EXERCISE DESCRIPTION: Take the lines below from the one with "D3 BIANE 200ui" through the one with "Ref. - Viseu" and retype them exactly. Include nothing else, and no pictures.

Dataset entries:

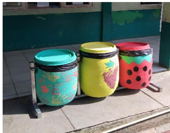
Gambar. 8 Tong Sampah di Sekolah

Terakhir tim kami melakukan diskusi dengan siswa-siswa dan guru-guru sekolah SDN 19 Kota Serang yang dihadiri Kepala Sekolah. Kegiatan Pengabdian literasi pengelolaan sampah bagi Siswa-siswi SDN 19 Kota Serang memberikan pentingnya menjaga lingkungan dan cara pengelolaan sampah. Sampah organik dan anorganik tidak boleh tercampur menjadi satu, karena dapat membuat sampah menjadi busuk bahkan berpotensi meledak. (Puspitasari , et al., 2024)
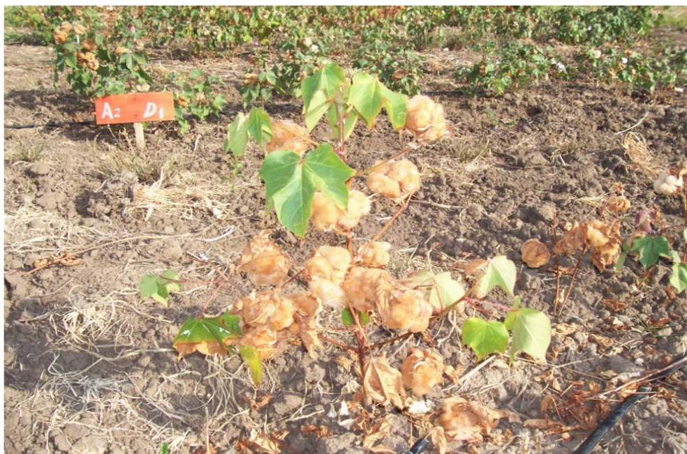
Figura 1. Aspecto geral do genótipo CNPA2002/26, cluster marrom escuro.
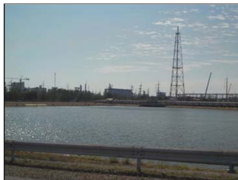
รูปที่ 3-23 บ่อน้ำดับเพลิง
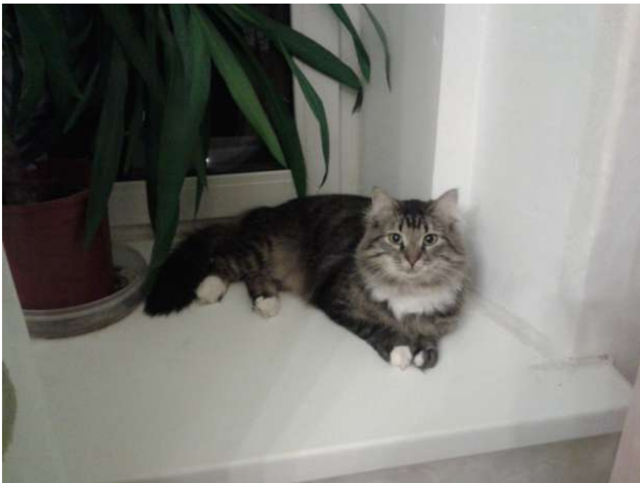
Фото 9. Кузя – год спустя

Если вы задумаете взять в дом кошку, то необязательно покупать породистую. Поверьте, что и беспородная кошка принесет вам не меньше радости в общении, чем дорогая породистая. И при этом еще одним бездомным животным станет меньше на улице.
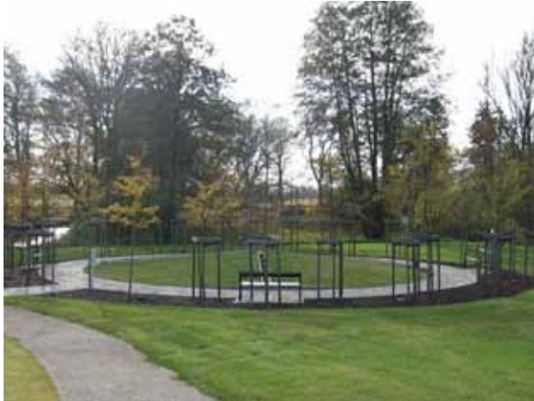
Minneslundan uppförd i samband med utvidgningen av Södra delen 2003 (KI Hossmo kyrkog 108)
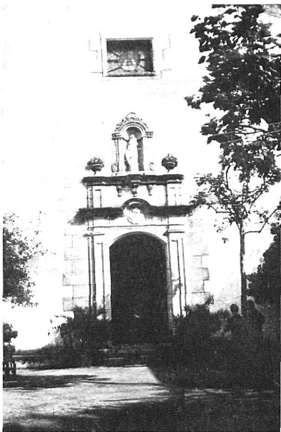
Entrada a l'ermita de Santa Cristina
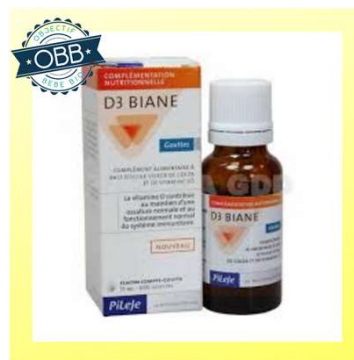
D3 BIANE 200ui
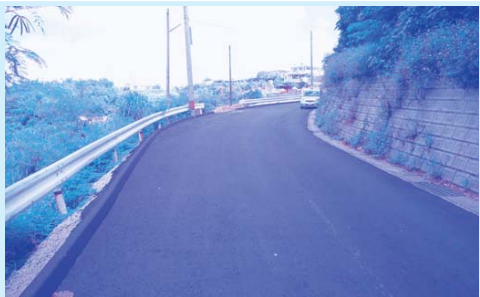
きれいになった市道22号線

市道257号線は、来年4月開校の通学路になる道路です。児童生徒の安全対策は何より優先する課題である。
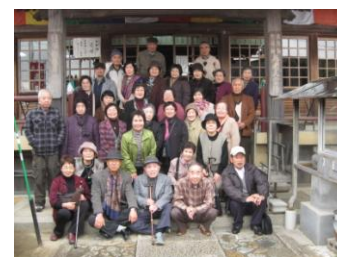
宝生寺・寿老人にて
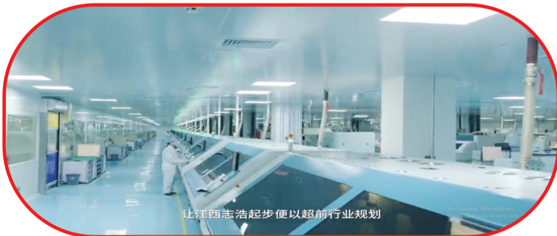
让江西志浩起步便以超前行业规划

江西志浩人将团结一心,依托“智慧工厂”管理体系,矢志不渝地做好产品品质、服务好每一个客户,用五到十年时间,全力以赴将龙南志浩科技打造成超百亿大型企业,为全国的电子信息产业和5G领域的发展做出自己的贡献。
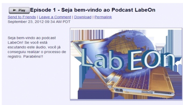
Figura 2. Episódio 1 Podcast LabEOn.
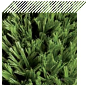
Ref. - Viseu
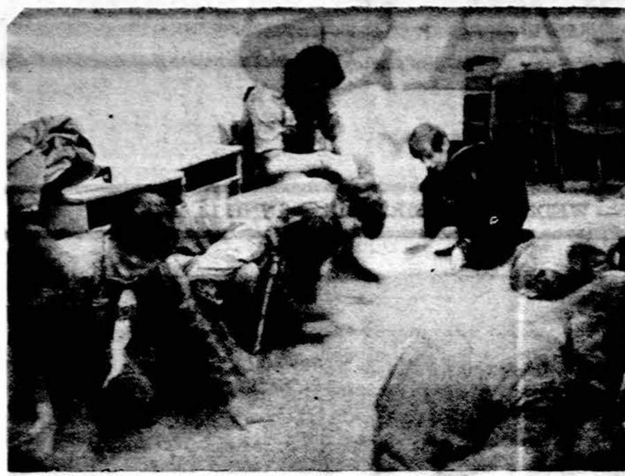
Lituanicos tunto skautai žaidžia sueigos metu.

TASK OUTPUT:
D3 BIANE 200ui
きれいになった市道22号線

市道257号線は、来年4月開校の通学路になる道路です。児童生徒の安全対策は何より優先する課題である。
宝生寺・寿老人にて
让江西志浩起步便以超前行业规划

江西志浩人将团结一心,依托“智慧工厂”管理体系,矢志不渝地做好产品品质、服务好每一个客户,用五到十年时间,全力以赴将龙南志浩科技打造成超百亿大型企业,为全国的电子信息产业和5G领域的发展做出自己的贡献。
Figura 2. Episódio 1 Podcast LabEOn.
Ref. - Viseu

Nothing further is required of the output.